* Input records

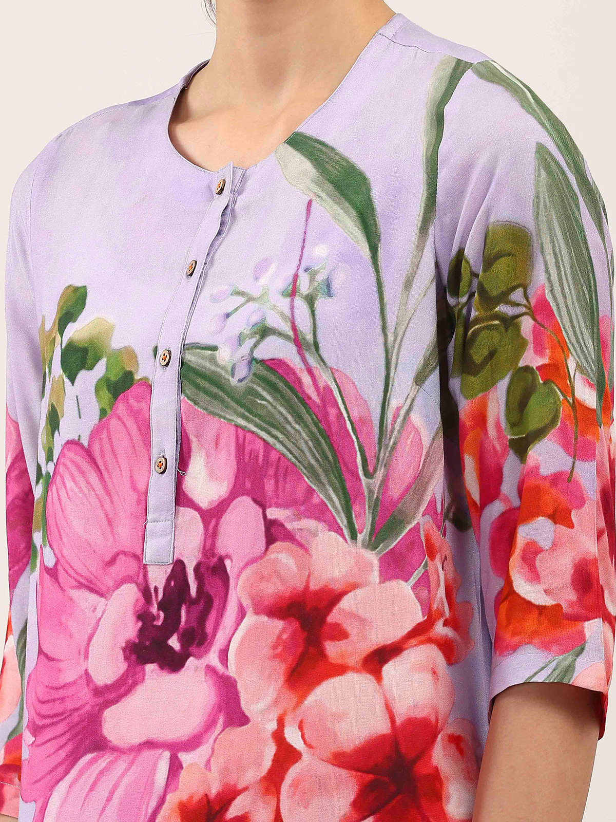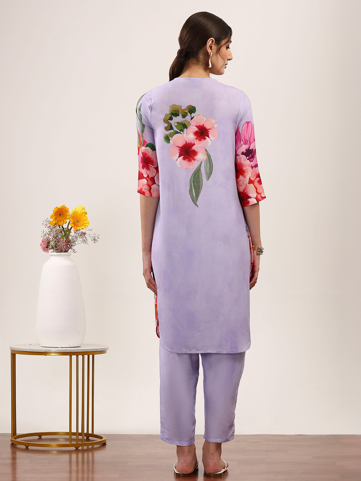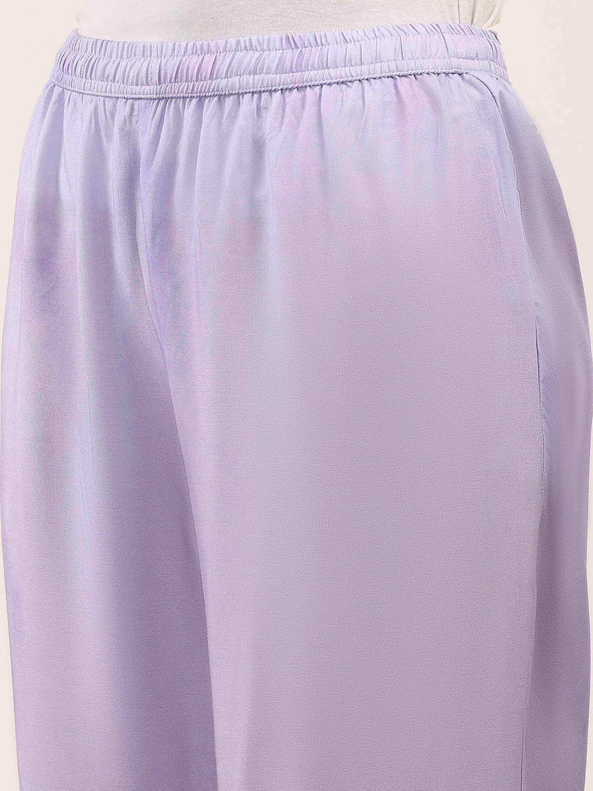 Rendered in soft lilac purple crepe silk, this kurti set features charming floral prints for a fresh casual appeal. Styled with a round neckline and quarter sleeves, it ensures lasting comfort. Paired with pants, it is perfect for relaxed daytime wear and graceful everyday styling.
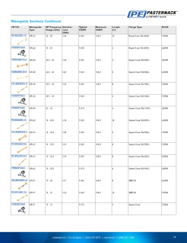 PE P/N Waveguide RF Frequency Insertion Typical Maximum Length Flange Type ECCN
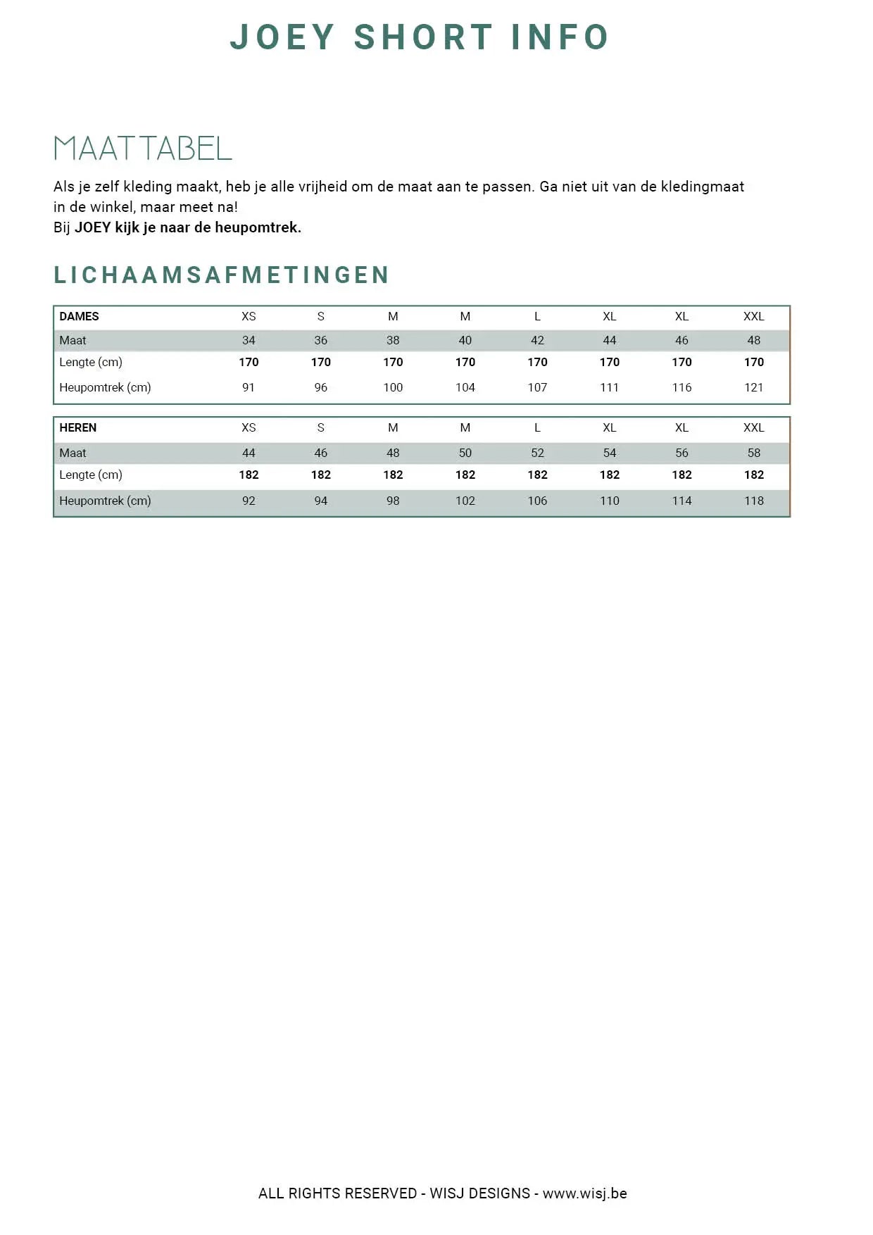 Wisj - Joey Short Dames En Heren (papieren patroon)
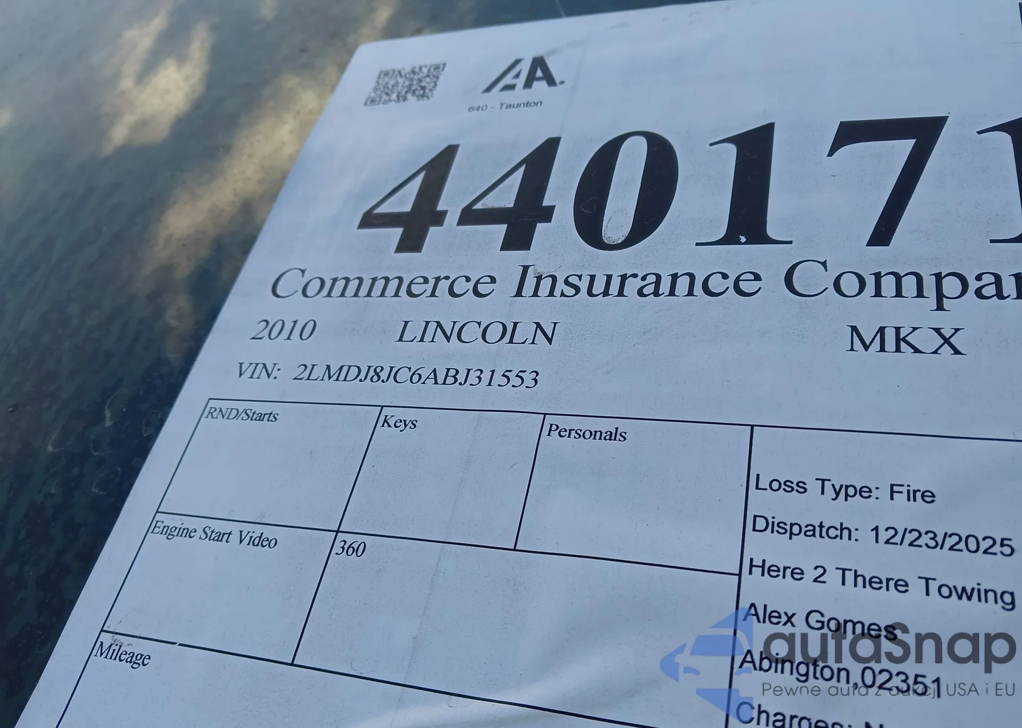 LOT: 44017195 VIN: 2LMDJ8JC6ABJ31553
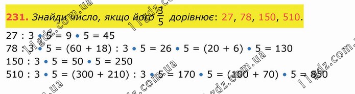 Знайди число, якщо його 3/5 дорівнює: 27, 78, 150, 510. 27 : 3 • 5 = 9 • 5 = 45 78 : 3 • 5 = (60 + 18) : 3 • 5 = 26 • 5 = (20 + 6) • 5 = 130 150 : 3 • 5 = 50 • 5 = 250 510 : 3 • 5 = (300 + 210) : 3 • 5 = 170 • 5 = (100 + 70) • 5 = 850
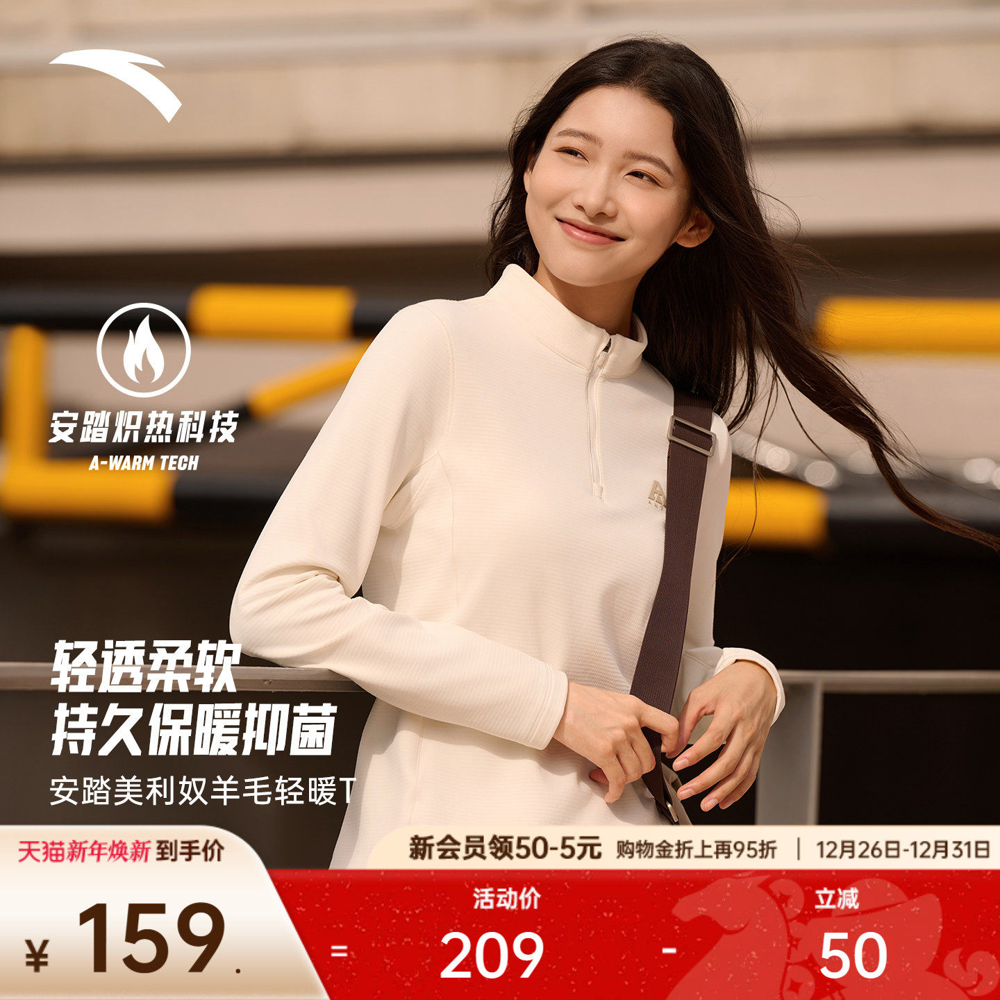 安踏羊毛T丨大地之壳半拉链长袖t恤女冬季美利奴羊毛打底运动上衣
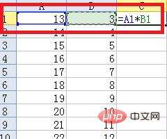 2、如图所示,C1=A1*B1,在“C1”下面第一个单元格里输入“=”。
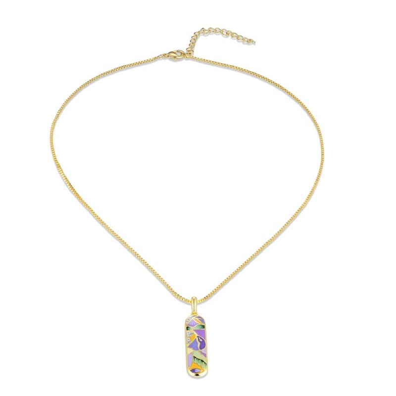 Brass w/ Yellow Gold Plating Necklace Enamel,White Cubic Zirconia (N310245ENA1BRY)
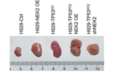 The final task was to determine if dual defects in TP53 and NEK2 result in a synergistic effect promoting MM development. To this end, NEK2 was overexpressed in H929-TP53 WT cells and in H929-TP53KO cells. Cells with dual defects in NEK2 and TP53 were most proliferative as determined by both clonogenic soft agar assay and BrdU intake assay. When these cell lines were injected subcutaneously into the abdomen of mice, the most dramatic tumor growth was seen in the dual defect group. As the authors previously found NEK2 overexpression to contribute to drug resistance in MM patients, they used an apoptosis assay to test the sensitivity of cell lines with dual defects to Bortezomib (BTZ), a first-line MM treatment. The percentage of apoptotic cells was lowest in the dual defects group (67.2%) after BTZ treatment when compared to control (96%). It was possible to reverse the proliferative, tumorigenic, and drug-resistant capacity of these cells with expression of wild type p53 in MM cell lines, and this reversal was even more substantial when combined with NEK2 depletion. These results show that dual defects in NEK2 and TP53 can have a significant clinical impact on MM patients and suggest the possibility of developing selective NEK2 inhibitors to improve therapeutic outcomes.
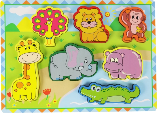 Holz 3D Puzzle mit Safari-Tiermotiven ist ideal zur Entwicklung der motorischen Fähigkeiten von Kindern durch das unterhaltsame Einfügen von Formen.
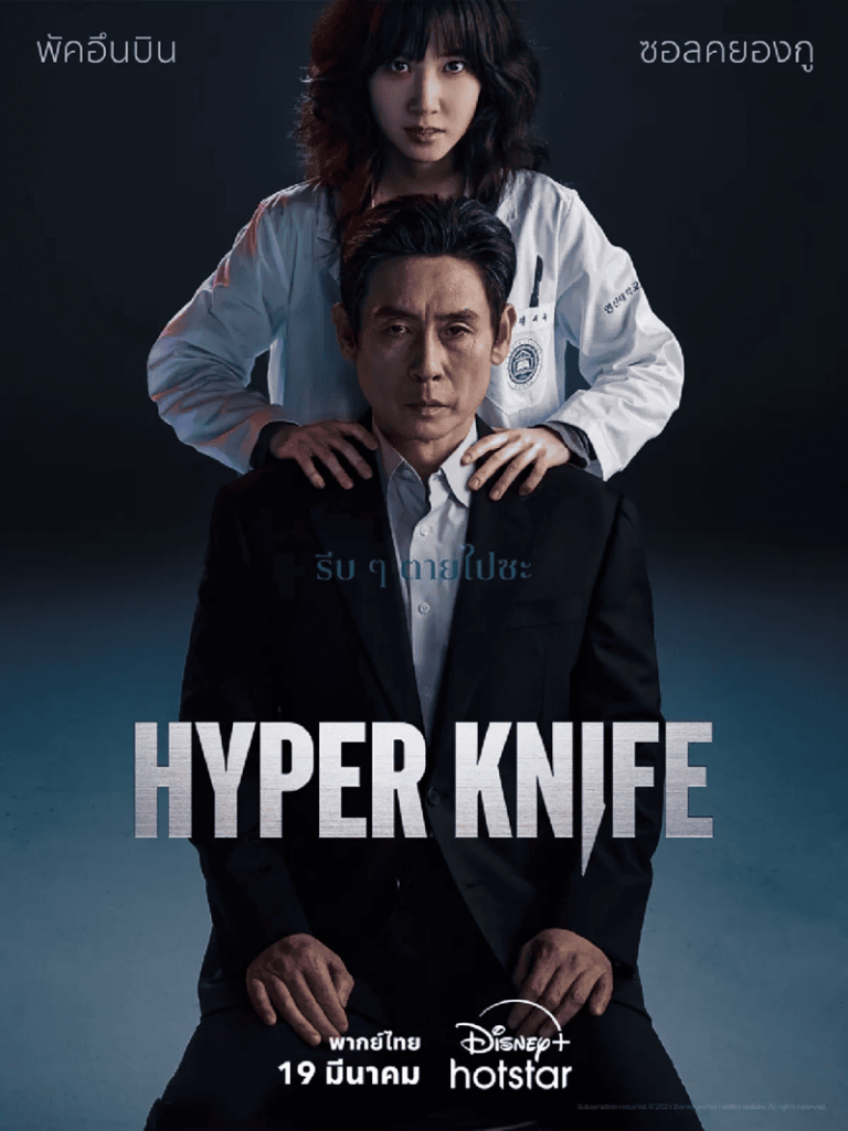 ชื่อหนัง: Hyper Knife (하이퍼나이프)ปีที่ฉาย: 2025หมวดหมู่: ดราม่า, อาชญากรรม, ระทึกขวัญ, การแพทย์ผู้กำกับ: คิม จอง-ฮยอนความยาว: 8 ตอนวันเข้าฉาย: 19 มีนาคม 2025คะแนน IMDb: ยังไม่มีข้อมูลนักแสดง:พัค อึน-บิน รับบท จอง เซ-อ๊กซอล คยอง-กู รับบท ชเว ด็อก-ฮียุน ชาน-ยอง รับบท ซอ ยอง-จูพัค บยอง-อึน รับบท ฮัน ฮยอน-โฮ

* Problem
From the first record to the last, print everything again exactly, without pictures.

* Output of the task
 Rendered in soft lilac purple crepe silk, this kurti set features charming floral prints for a fresh casual appeal. Styled with a round neckline and quarter sleeves, it ensures lasting comfort. Paired with pants, it is perfect for relaxed daytime wear and graceful everyday styling.
 PE P/N Waveguide RF Frequency Insertion Typical Maximum Length Flange Type ECCN
 Wisj - Joey Short Dames En Heren (papieren patroon)
 LOT: 44017195 VIN: 2LMDJ8JC6ABJ31553
 Знайди число, якщо його 3/5 дорівнює: 27, 78, 150, 510. 27 : 3 • 5 = 9 • 5 = 45 78 : 3 • 5 = (60 + 18) : 3 • 5 = 26 • 5 = (20 + 6) • 5 = 130 150 : 3 • 5 = 50 • 5 = 250 510 : 3 • 5 = (300 + 210) : 3 • 5 = 170 • 5 = (100 + 70) • 5 = 850
 安踏羊毛T丨大地之壳半拉链长袖t恤女冬季美利奴羊毛打底运动上衣
 2、如图所示,C1=A1*B1,在“C1”下面第一个单元格里输入“=”。
 Brass w/ Yellow Gold Plating Necklace Enamel,White Cubic Zirconia (N310245ENA1BRY)
 The final task was to determine if dual defects in TP53 and NEK2 result in a synergistic effect promoting MM development. To this end, NEK2 was overexpressed in H929-TP53 WT cells and in H929-TP53KO cells. Cells with dual defects in NEK2 and TP53 were most proliferative as determined by both clonogenic soft agar assay and BrdU intake assay. When these cell lines were injected subcutaneously into the abdomen of mice, the most dramatic tumor growth was seen in the dual defect group. As the authors previously found NEK2 overexpression to contribute to drug resistance in MM patients, they used an apoptosis assay to test the sensitivity of cell lines with dual defects to Bortezomib (BTZ), a first-line MM treatment. The percentage of apoptotic cells was lowest in the dual defects group (67.2%) after BTZ treatment when compared to control (96%). It was possible to reverse the proliferative, tumorigenic, and drug-resistant capacity of these cells with expression of wild type p53 in MM cell lines, and this reversal was even more substantial when combined with NEK2 depletion. These results show that dual defects in NEK2 and TP53 can have a significant clinical impact on MM patients and suggest the possibility of developing selective NEK2 inhibitors to improve therapeutic outcomes.
 Holz 3D Puzzle mit Safari-Tiermotiven ist ideal zur Entwicklung der motorischen Fähigkeiten von Kindern durch das unterhaltsame Einfügen von Formen.
 ชื่อหนัง: Hyper Knife (하이퍼나이프)ปีที่ฉาย: 2025หมวดหมู่: ดราม่า, อาชญากรรม, ระทึกขวัญ, การแพทย์ผู้กำกับ: คิม จอง-ฮยอนความยาว: 8 ตอนวันเข้าฉาย: 19 มีนาคม 2025คะแนน IMDb: ยังไม่มีข้อมูลนักแสดง:พัค อึน-บิน รับบท จอง เซ-อ๊กซอล คยอง-กู รับบท ชเว ด็อก-ฮียุน ชาน-ยอง รับบท ซอ ยอง-จูพัค บยอง-อึน รับบท ฮัน ฮยอน-โฮ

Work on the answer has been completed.